Tuesday, 14 February 2012

Exposure and the sensor

Without getting into too much technical detail, I think a general understanding of our sensor and how our cameras capture light is useful.

With a little help from Michael Freeman's book on exposure, Perfect Exposure, this is an outline of the sensor and what it does.

D90 Camera sensor

The basic unit of the sensor is the photosite.

Each photosite collects the light for one pixel. Most DSLRs have a minimum of 10 millions pixels.  My camera, a Nikon D90 has 12 million.  The new D800 has 36 million.
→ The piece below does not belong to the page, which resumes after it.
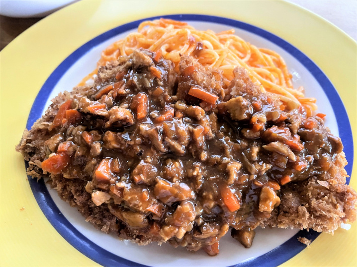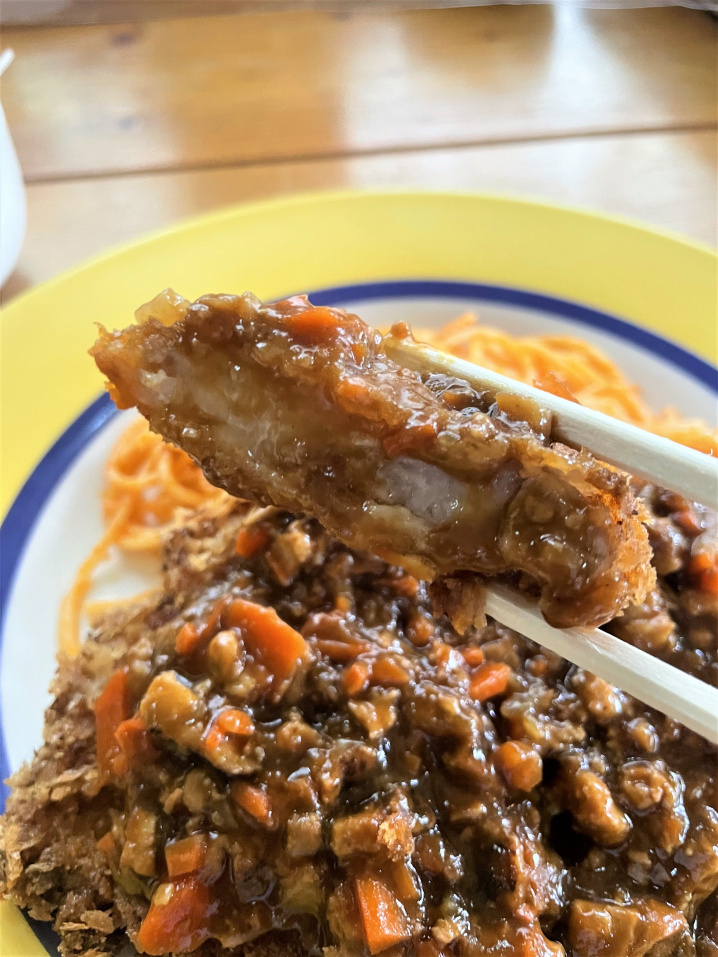 トンカツにはあんかけっぽいミートソースがたっぷりかかっています。

The density of photosites on the sensor is measured as pixel pitch - the distance between the centre of one pixel to its neighbour.  The higher the pitch the better the resolution.

When light hits the sensor it is stored as an electrical charge in each photosite.  One photon excites one electron which is read as voltage.

The analogue to digital (ADC) converter converts the voltage into digital data.  This is monochrome information.  To get colour, a mosaic filter is fitted to the front of the sensor with the RGB pattern.

Mosaic filter


Demosaicing - is when the camera's processor has to interpolate the lost colour from the ACD procedure.

The digital values for each pixel across the area of the sensor can then be displayed as an image.

An average PC screen can display 256 distinct tones from black to white.  This gives us our brightness scale with 0 being black and 255 being pure white.

The camera also processes the image as we have seen in the first part of this course correcting errors and producing a pleasant image.